TASK REQUIREMENTS — Copy the listing below letter for letter, passing over each picture.

━━━ THE DATA ━━━

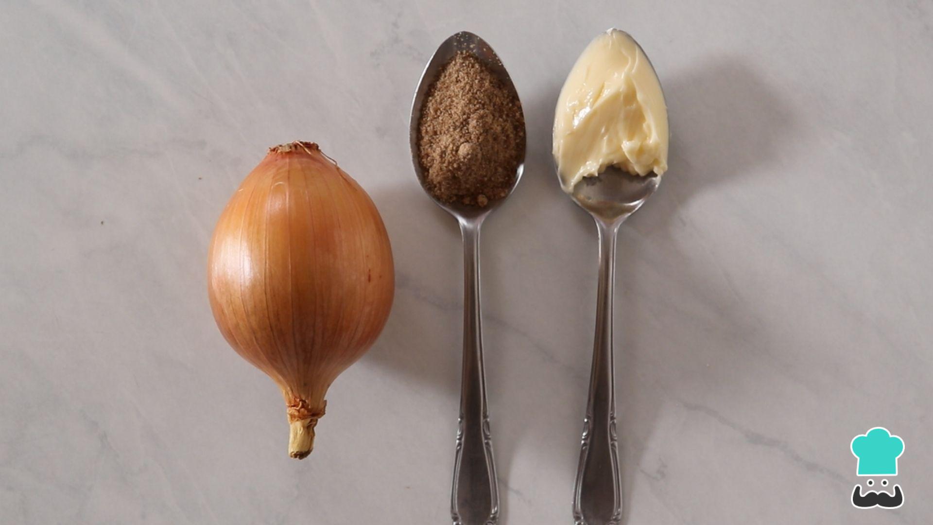 Separe os ingredientes para preparar a cebola caramelizada para lanche.
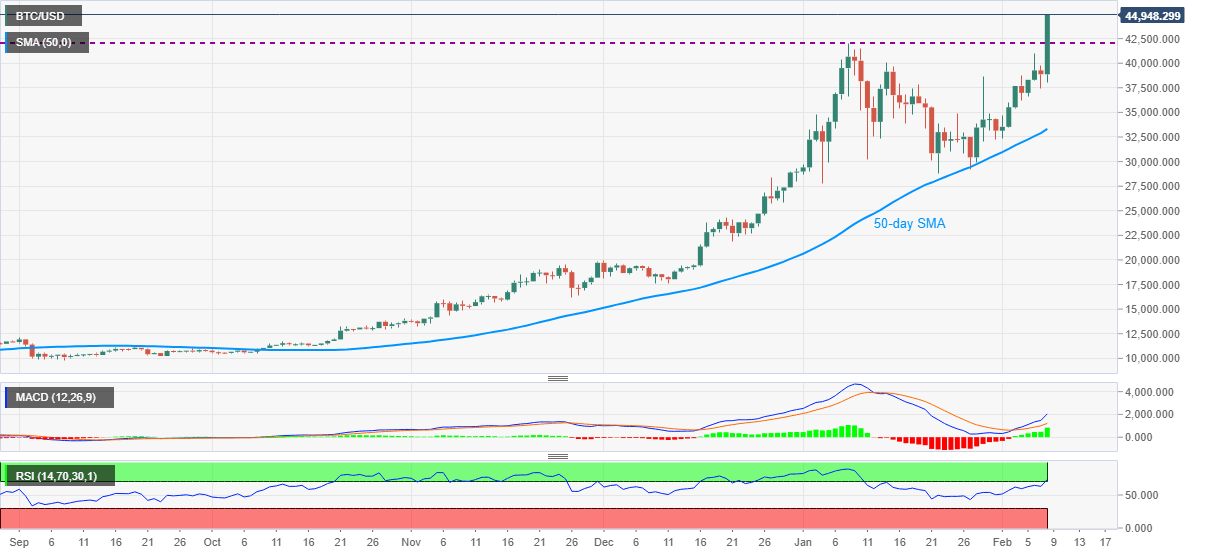 Bitcoin bulls are unstoppable around $45,000, following its run-up to $45,064 latest, while refreshing the all-time high on earely Tuesday. The BTC/USD rallied heavily on Monday after Tesla announced that it had previously bought $1.5 billion worth of Bitcoins, pushing the price to update historical highs of $43K.
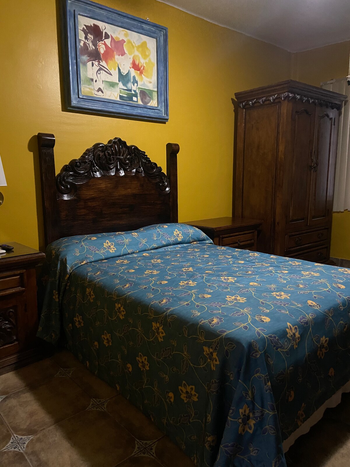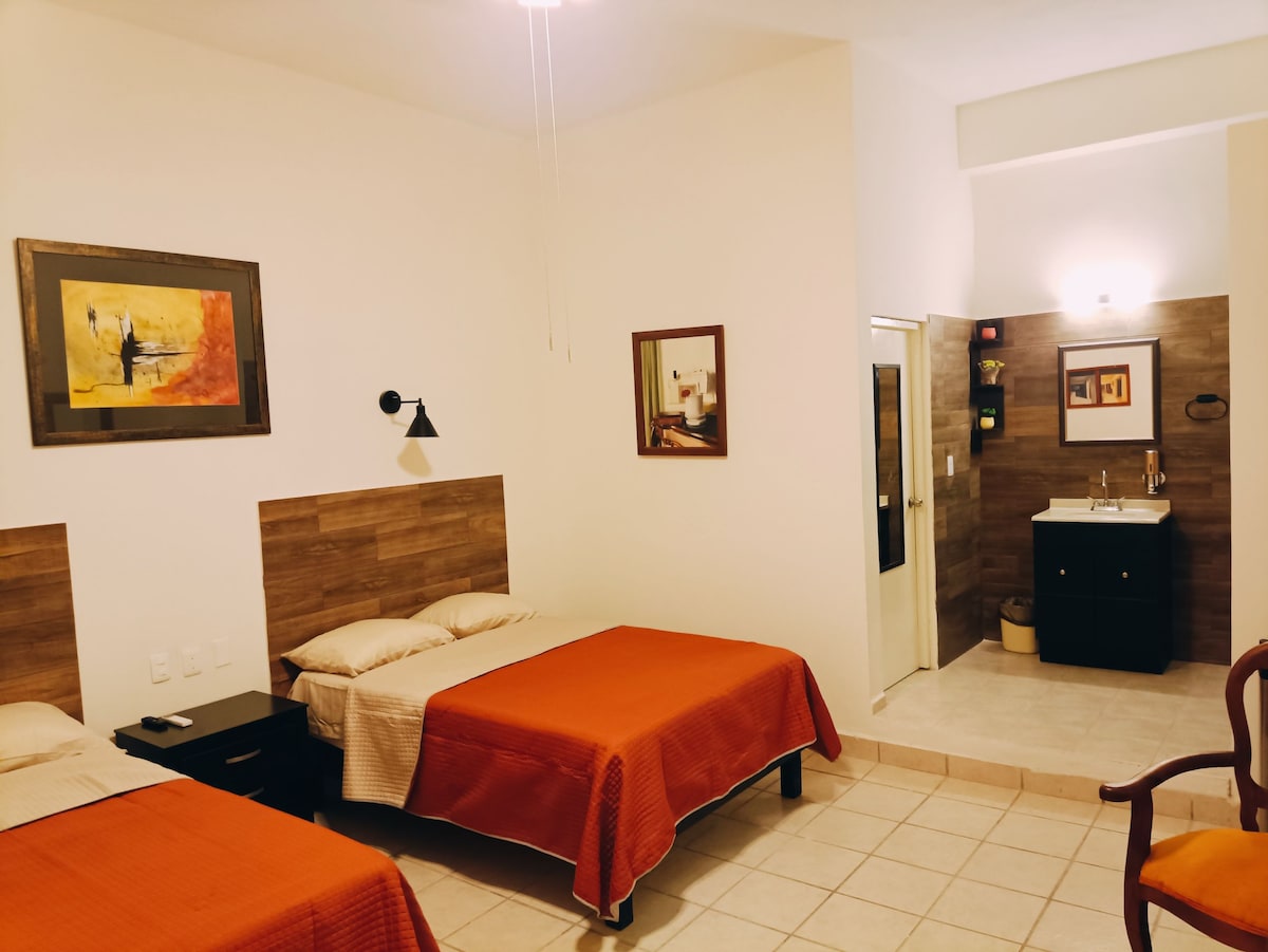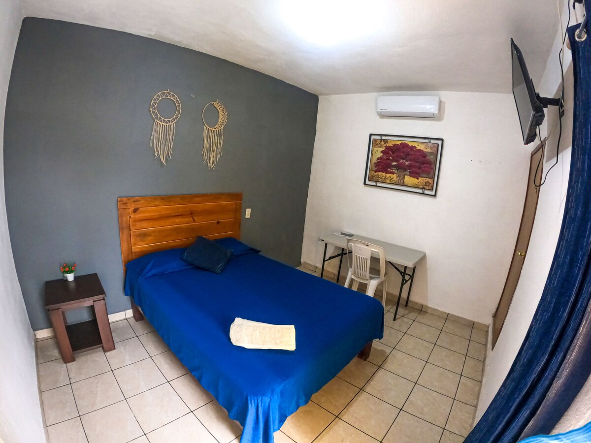 Semi-suite in HOTEL EL NAVEGANTE PLAYA MIRAMAR, kamer voor 2 personen met 1 kingsize bed, minibar, magnetron, koffiezetapparaat, wifi, smart-tv, parkeergelegenheid, arcade biljarttafel in gemeenschappelijke lobby, terras met barbecues en uitzicht op de oceaan voor gemeenschappelijk gebruik, 5 minuten lopen naar Oxxo-strand, Oxxo aan de voorkant. Bij aankomst wordt een borg van 200 peso gevraagd, die bij het uitchecken wordt terugbetaald, nadat je kamer is gecontroleerd

━━━

COMPLETED TASK —
 Separe os ingredientes para preparar a cebola caramelizada para lanche.
 Bitcoin bulls are unstoppable around $45,000, following its run-up to $45,064 latest, while refreshing the all-time high on earely Tuesday. The BTC/USD rallied heavily on Monday after Tesla announced that it had previously bought $1.5 billion worth of Bitcoins, pushing the price to update historical highs of $43K.
 Semi-suite in HOTEL EL NAVEGANTE PLAYA MIRAMAR, kamer voor 2 personen met 1 kingsize bed, minibar, magnetron, koffiezetapparaat, wifi, smart-tv, parkeergelegenheid, arcade biljarttafel in gemeenschappelijke lobby, terras met barbecues en uitzicht op de oceaan voor gemeenschappelijk gebruik, 5 minuten lopen naar Oxxo-strand, Oxxo aan de voorkant. Bij aankomst wordt een borg van 200 peso gevraagd, die bij het uitchecken wordt terugbetaald, nadat je kamer is gecontroleerd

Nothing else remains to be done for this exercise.